No quedaba más que invadir y así se hizo.
La milicia gringa comenzó a aparecer por todos lados: Taylor, llegó hasta Saltillo; el general Stephen Kearny se adentró en Nuevo México y California; John Wool, se dirigió hacia Chihuahua, y Winfield Scott, emprendió la “ruta de Cortés”, es decir, la que iba de Veracruz a México. Y así, durante los meses que corrieron de abril hasta septiembre de 1847, la invasión se convirtió en una cadena de derrotas sangrientas.
Avanzando sin piedad, las tropas norteamericanas llegaron hasta Puebla, donde establecieron su Cuartel General y desde ahí se organizaron para atacar la ciudad de México. Por su parte, el ejército mexicano, al mando de Antonio López de Santa Anna, se concentró en Peñón Viejo y fortificó los pueblos de Coyoacán, el Puente y el Convento de Churubusco. Sin embargo, las condiciones entre un ejército y otro, eran distintas. Por un lado, Estados Unidos contaba con militares profesionales, artillería moderna y tenía posibilidades para movilizar voluntarios entre los inmigrantes recientes y recursos para entrenarlos y armarlos. Nosotros, no contábamos con recursos materiales ni humanos. Y entonces, en el camino de hacia ganar la guerra, el general Scott decidió que la totalidad del ejército debería marchar por la ruta que le llevaría a Tlalpan. Después tomaron camino hacia Chapultepec donde se habían replegado las fuerzas mexicanas dejando sólo una pequeña guarnición en el castillo.

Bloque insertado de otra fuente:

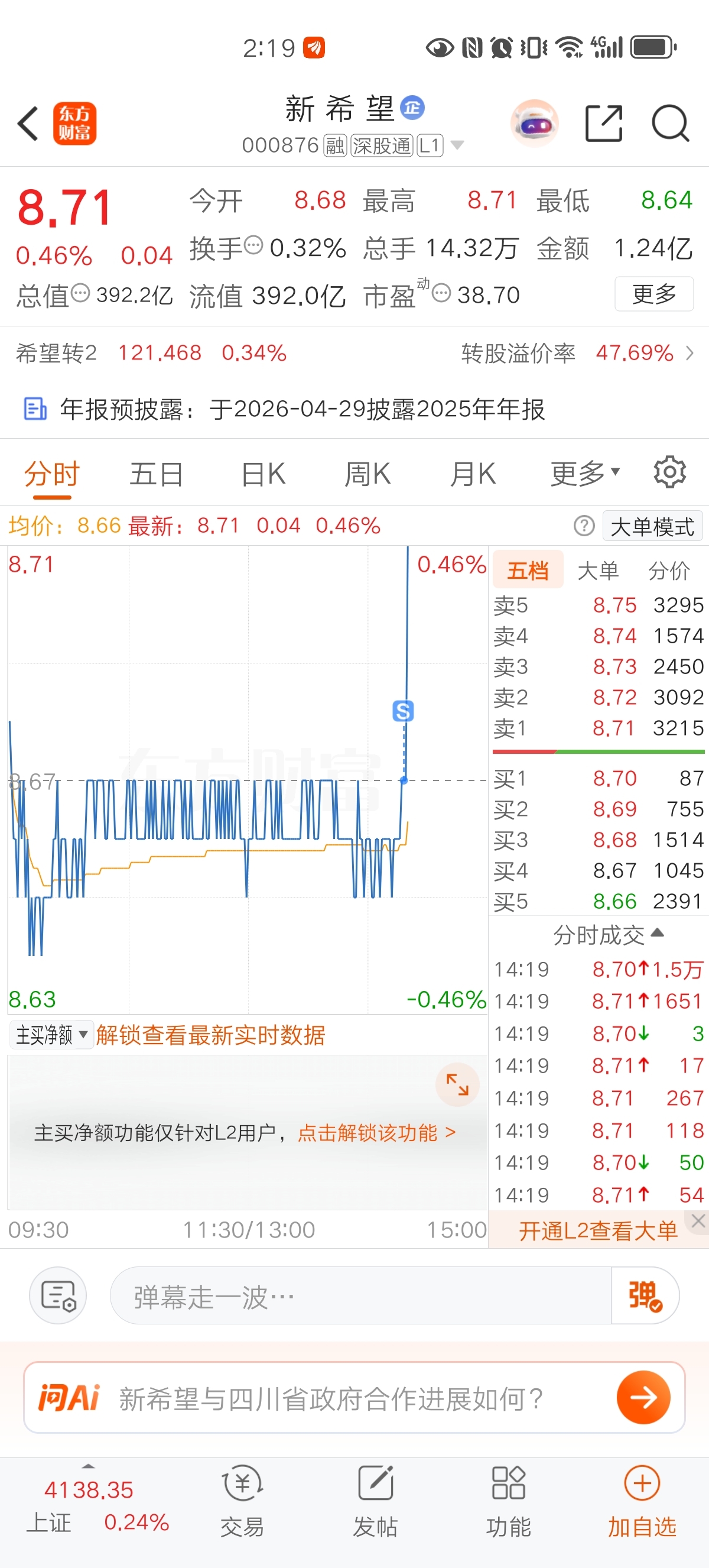 $新 希 望(SZ000876)$ 是不是只有我卖他才会拉

La madrugada del 12 de septiembre se realizó el primer ataque y los soldados norteamericanos no cesaron de hacer fuego hasta la caída de la noche. El 13 de septiembre el ejército enemigo decidió atacar las obras levantadas al pie del Cerro de Chapultepec, sobre el camino de Tacubaya, al mismo tiempo que penetraban al bosque por el Molino del Rey. Una vez dentro del bosque decidieron atacar la sencilla construcción de la cumbre. No era una fortaleza ni mucho menos, sino el edificio del Colegio Militar.

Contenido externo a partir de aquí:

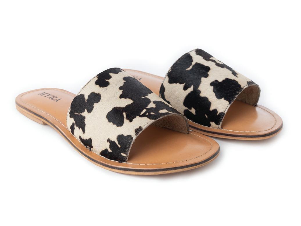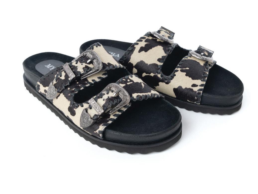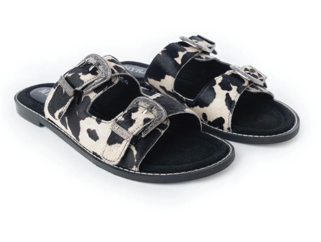Cattle Trail Hairon Leather Sandals in Ivory Cowhide
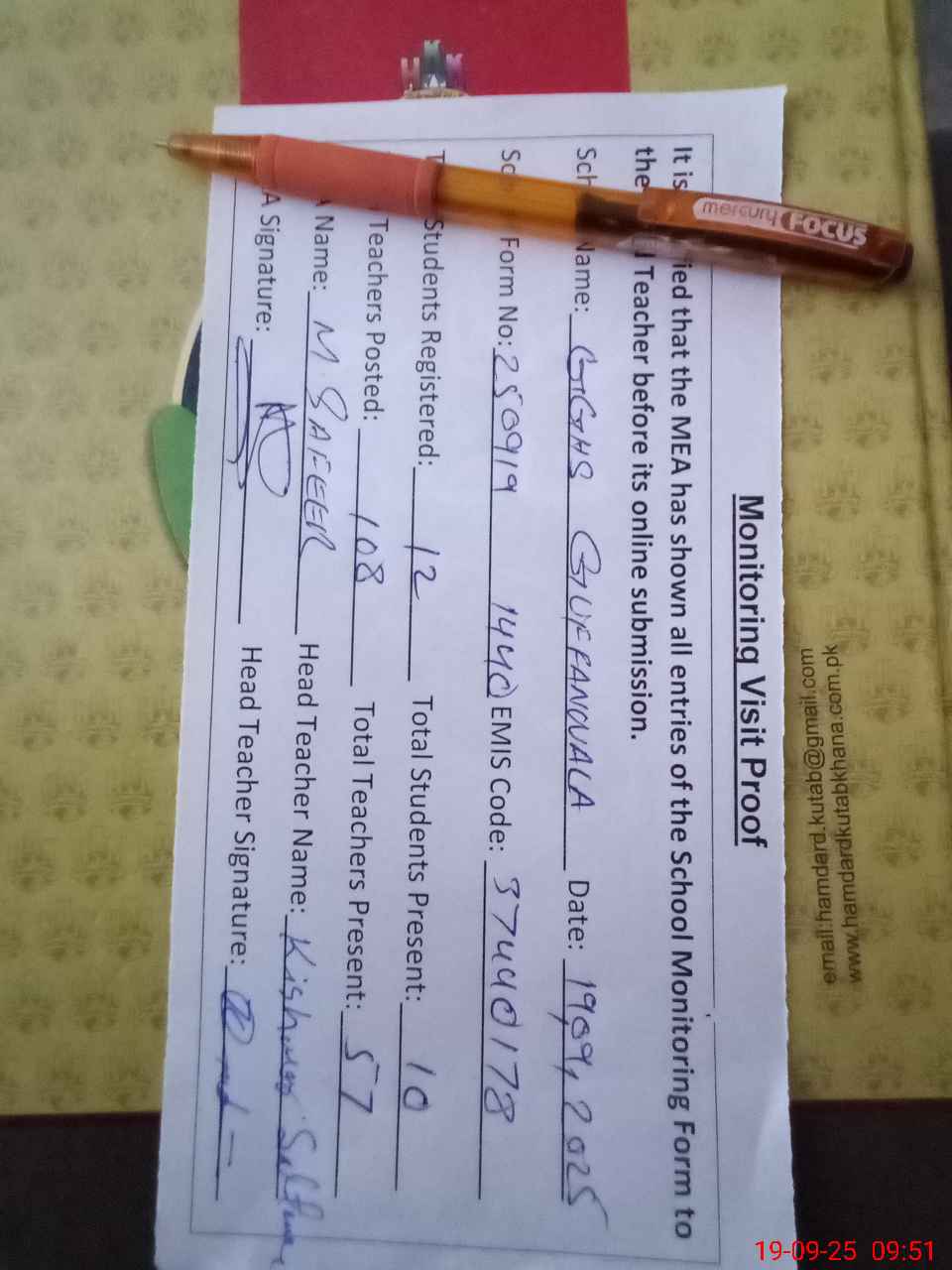 | Attendance Register | Head Teacher | MEA with School | Visit Proof |

Llegar hasta ahí fue pan comido. Las divisiones de Worth, Quitman y Pillow –con sus soldados lampiños, rubios, ambiciosos y bien alimentados– enfrentaron a los que ahí estaban con sólo 4 cañones y acabaron matándolos a todos. Se trataba de unos cuantos soldados acompañados de un reducido número de cadetes –es decir, estudiantes del Colegio Militar– que todavía no probaban la sangre y la lumbre de una verdadera guerra. Estos alumnos, adolescentes de entre 13 y 20 años, pasaron a nuestra historia nacional como “Niños héroes”, aunque muchos duden de su existencia. Muy bien documentadas están las participaciones de Agustín Melgar, Vicente Suárez y Francisco Montes de Oca, algo confusas las de Juan de la Barrera, Juan Escutia y Francisco Márquez y, aunque se sabe de otros niños heroicos como Zuazua y Xicoténcatl y combatientes como Fontes, Cano y Pérez, poco se han mencionado y aparecen más en el olvido.

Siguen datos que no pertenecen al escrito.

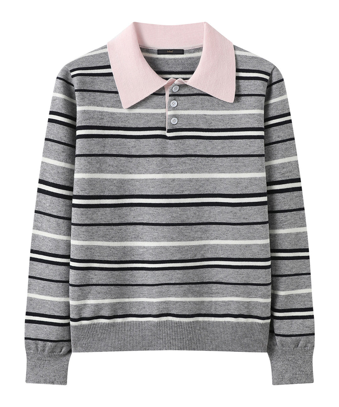 반버튼업 카라 배색 스트라이프 니트 (DQ1KT001A)

El recuento de los daños antes de que acabara aquella semana reportó que en las filas mexicanas hubo en total más de 250 muertos y heridos, que los sobrevivientes fueron hechos prisioneros y que en el ejército invasor las bajas ascendieron solamente a 130.
Sin embargo, quedó algo que todavía se mira: el Altar a la Patria, a la entrada del bosque, un hemiciclo dedicado a los heroicos niños y un curioso poema que le reto a aprender:
“Como renuevos cuyos aliños/ el viento helado marchita en flor, / así cayeron los héroes niños, / ante las balas del invasor. / Allí fue.. donde los sabinos la cimera con sortijas de plata remecían;/ donde cantaba nuestra eterna primavera su himno al sol:/ era diáfana la esfera;/ perfumaba la flor… ¡y ellos morían!”
No se arredre y sí celebre, lector querido. Tiene usted hasta el miércoles, que es el mero día.